A literary landmark—the original, suppressed draft of the classic novel!

Little Women is a timeless classic. But Louisa May Alcott’s first draft—before her editor sunk his teeth into it—was even better. Now the original text has at last been exhumed. In this uncensored version, the March girls learn some biting lessons, transforming from wild girls into little women—just as their friends and neighbors transform into vicious, bloodthirsty werewolves!

Here are tomboy Jo, quiet Beth, ladylike Amy, and good-hearted Meg, plus lovable neighbor Laurie Laurence, now doomed to prowl the night on all fours, maiming and devouring the locals. As the Civil War rages, the girls learn the value of being kind, the merits of patience and grace, and the benefits of knowing a werewolf who can disembowel your teacher.

By turns heartwarming and blood-curdling, this rejuvenated classic will be cherished and treasured by those who love a lesson in virtue almost as much as they enjoy a good old-fashioned dismemberment.

Includes the original letter from Alcott’s editor, telling her not to even think about it!
About the Author
Porter Grand holds an A.S. in liberal arts and a Bachelor's and Doctoral in Theology. She has worked, among other jobs, as a waitress, bartender, carnival barker, go-go dancer, shampoo girl, welfare caseworker, and reference librarian. She writes daily in the Huntsburg, Ohio, farmhouse where she lives with her husband, two extraordinary dogs, and two cats—but no werewolves.
 


Journal Entry 2 by wingk00kaburrawing from San Jose, California USA on Monday, May 17, 2010

This book has not been rated.

Started reading today. 


Journal Entry 3 by wingk00kaburrawing from San Jose, California USA on Tuesday, May 18, 2010

4 out of 10

Finished today.

The famous story of Little Women as Ms. Alcott originally intended it – with werewolves! Removed from the text of the original novel at the suggestion of a concerned editor, this long-suppressed manuscript has finally been published in full. During the Civil War, the four March sisters – Meg, Jo, Beth and Amy – must learn how to grow into proper young women by day and worry over werewolves stalking their town at night. When Jo and Beth discover that their handsome neighbor Laurie and his grandfather are both werewolves, they resolve to keep it a secret from the others. After all, they’re only monsters on the night of the full moon…
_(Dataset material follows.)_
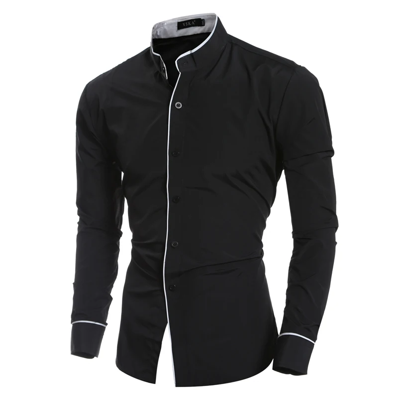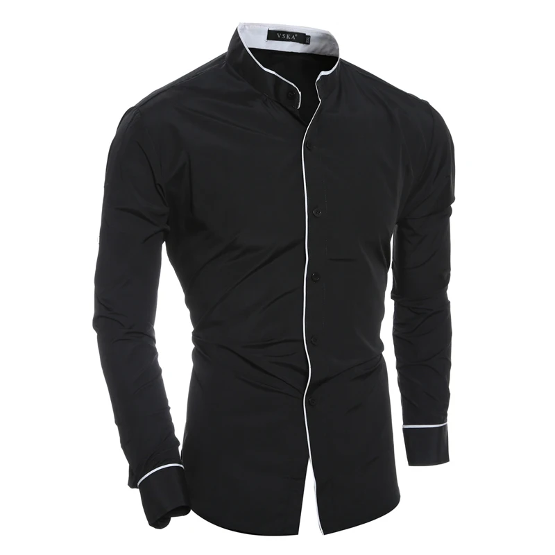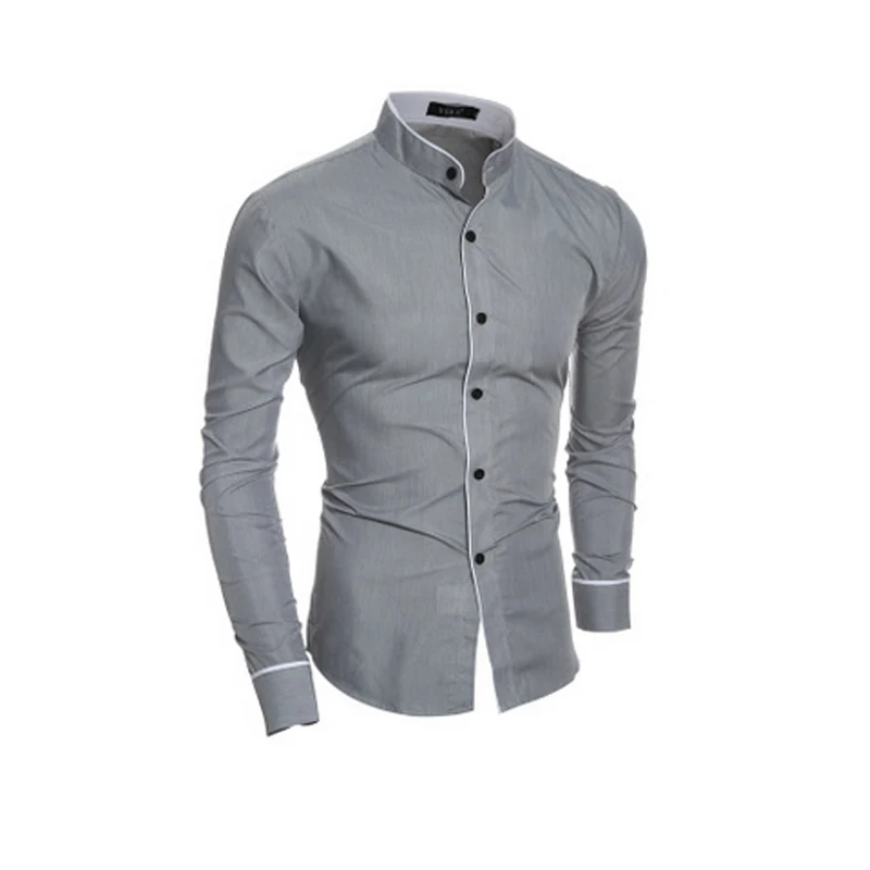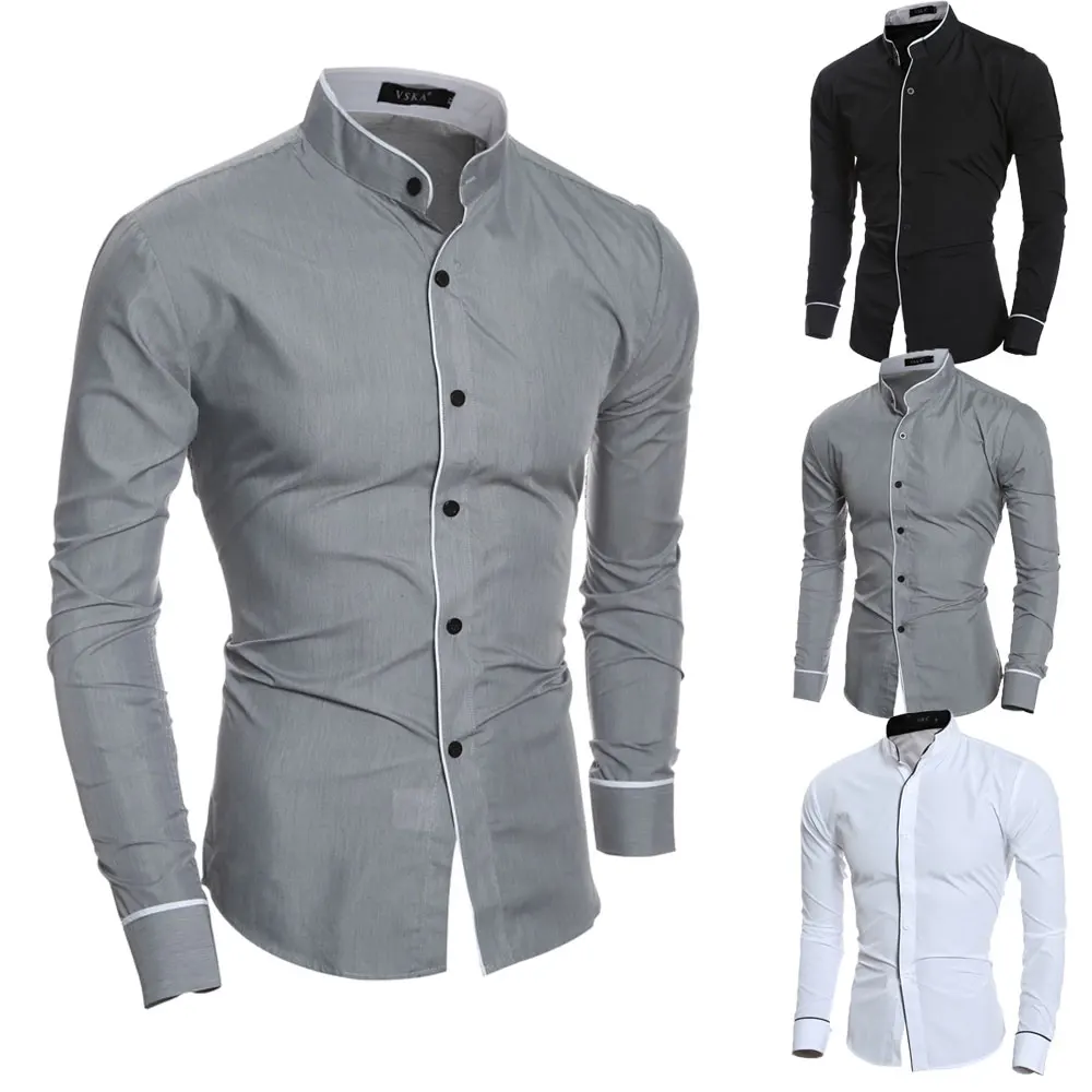 Мужская Однотонная рубашка с воротником-стойкой и длинными рукавами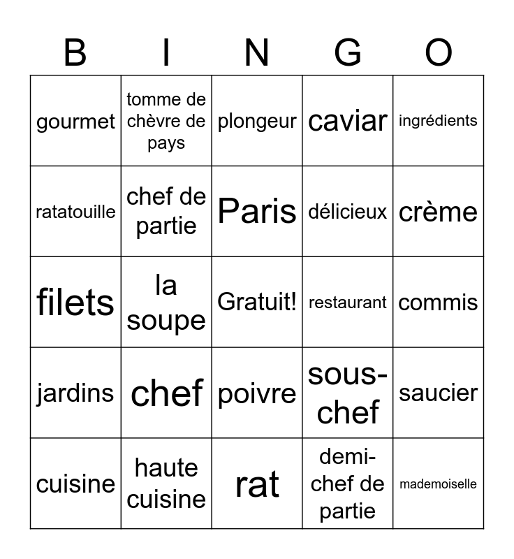 This bingo card has a free space and 24 words: chef, haute cuisine, Paris, cuisine, ingrédients, gourmet, ratatouille, tomme de chèvre de pays, restaurant, poivre, délicieux, filets, sous- chef, saucier, chef de partie, demi- chef de partie, commis, plongeur, crème, la soupe, mademoiselle, jardins, caviar and rat.

So yeah. In the spirit of Pride and Prejudice and Zombies, Little Women and Werewolves takes the text of an old classic and fuses with a new writer’s monstrous insertions. It’s been a good six or eight years since I last read Alcott’s novel, but I remember it pretty well since I once played Jo in a school play.

First, the werewolves. Since the transformation for man to werewolf only happens in the evening, on the night of the full moon, the ‘monsters’ are regular people most of the time. So it was pretty easy for Porter Grand to keep the main characters essentially the same in personality and lifestyle. There’s more of a threat to the girls from the Brigade, a group of men and women who search for werewolves with a witch hunter’s fanaticism, executing those suspected of being werewolves or merely being a werewolf sympathizer.
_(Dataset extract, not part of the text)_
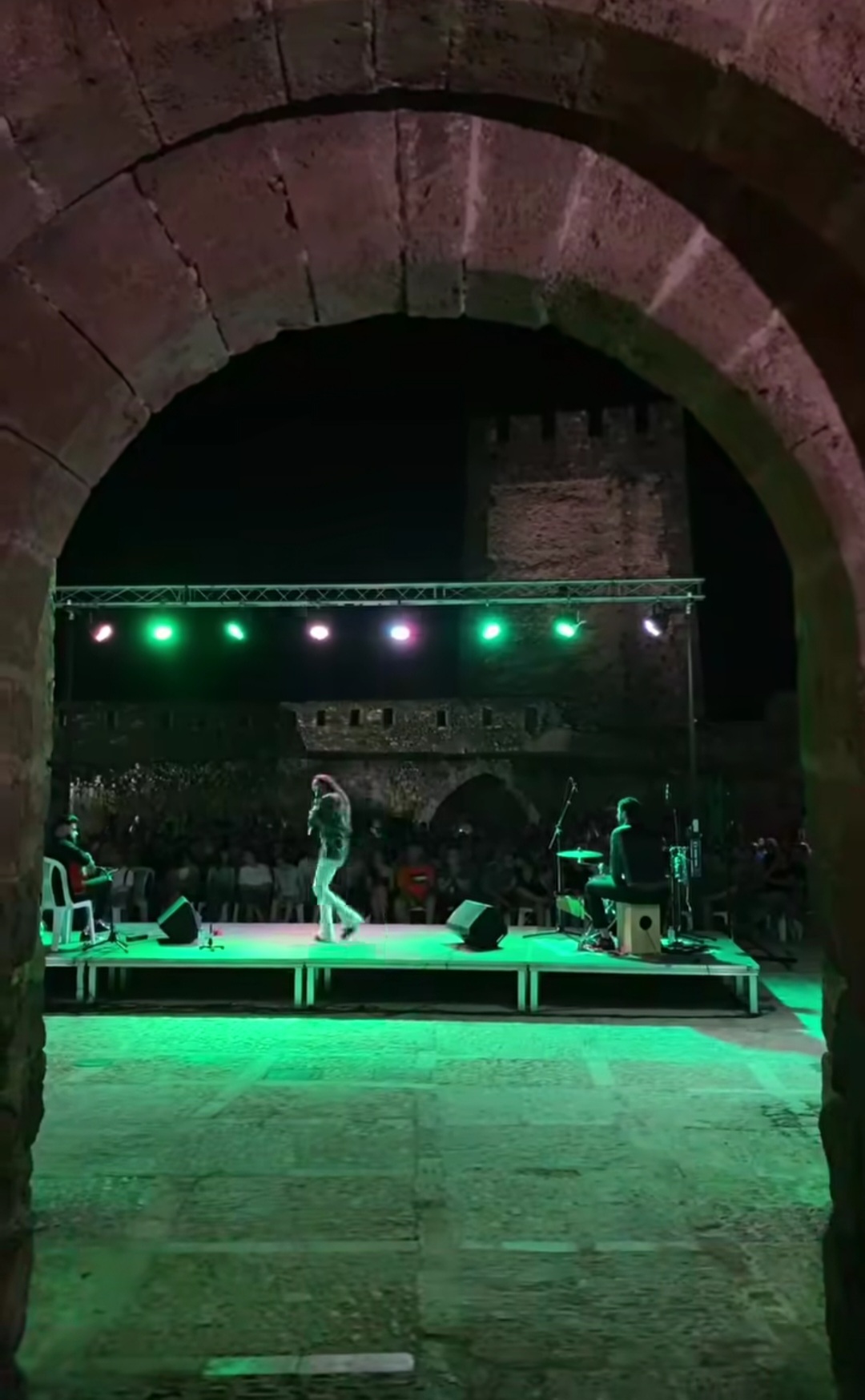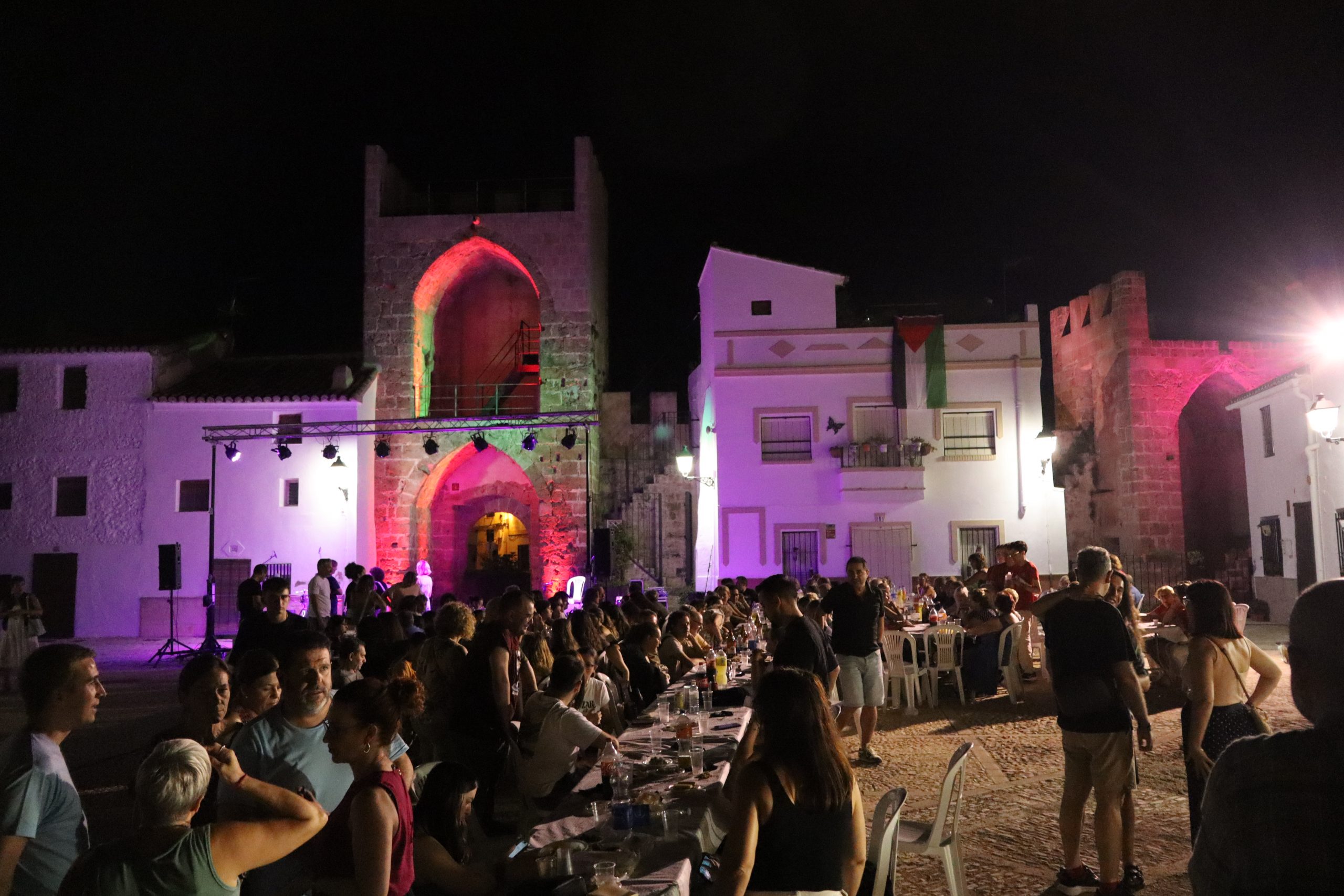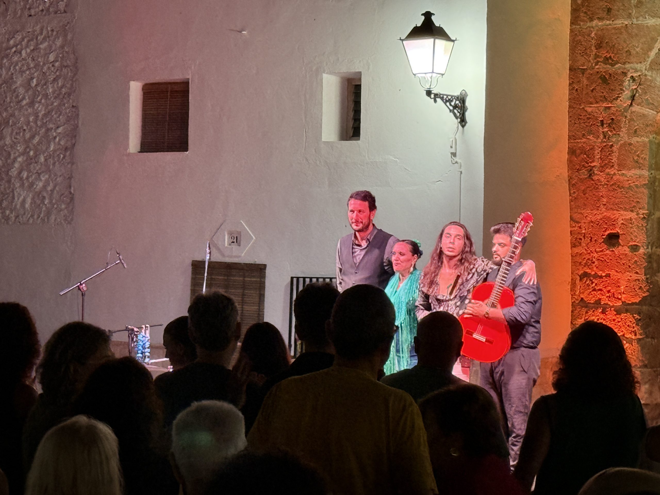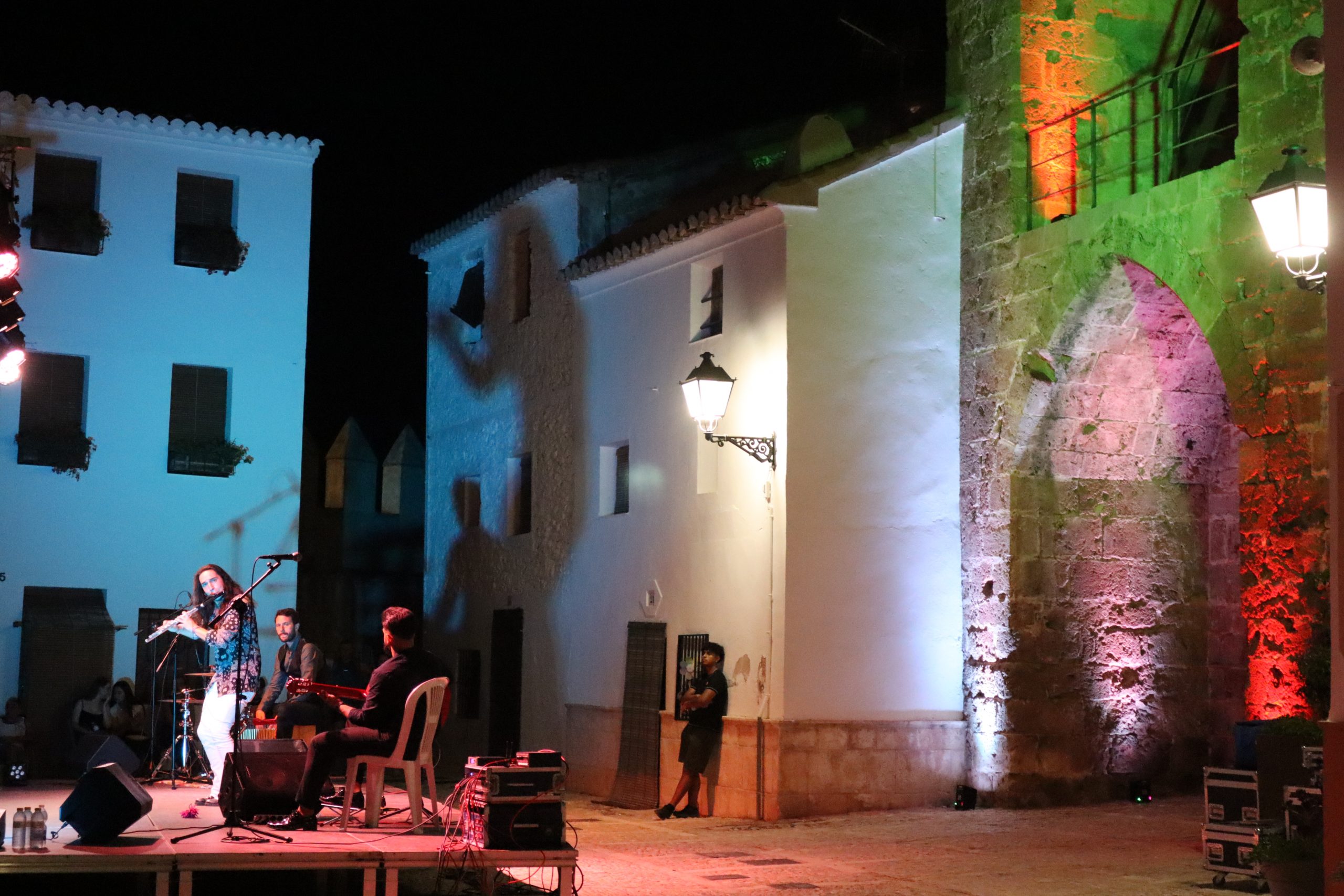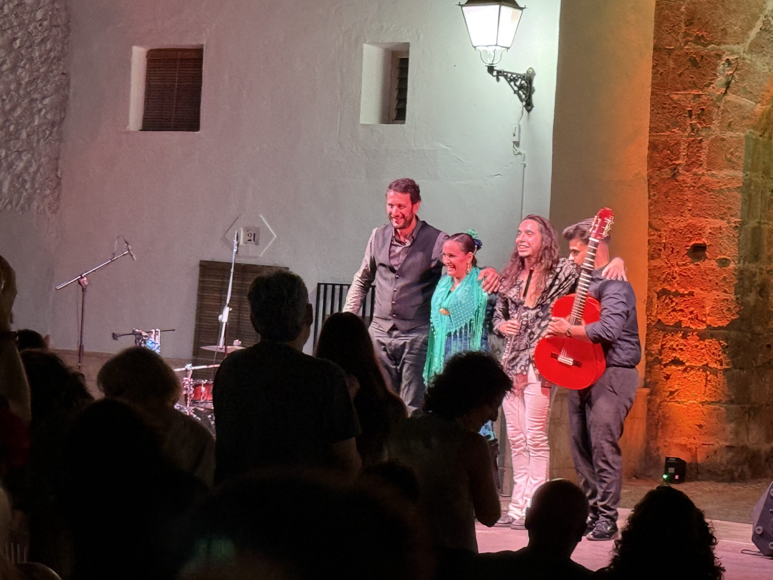 El público llenó cada rincón de la plaza, creando un ambiente íntimo y entregado que conectó desde el primer momento con los artistas. La mezcla de cante, toque, baile y la atmósfera del castillo iluminado con luces cálidas y colores vibrantes convirtieron la velada en una experiencia irrepetible.

I knew that new scenes would have to be added to fully utilize the gore potential. Some of them were quite fun, such as when werewolf-Laurie hunts down one of Amy’s cruel teachers and eats him. But others were quite strange. After Mr. March returns from the war, he organizes an exhibition of the men who lost limbs during the war. I mean, he basically makes a freak show of amputees. It’s a fundraiser for war veterans. That’s so weird. After several of the amputees are eaten by werewolves, he devotes himself to creating a giant alter in the local church built from the skeletons of werewolf victims. It’s not humorous or horrible…just utterly bizarre.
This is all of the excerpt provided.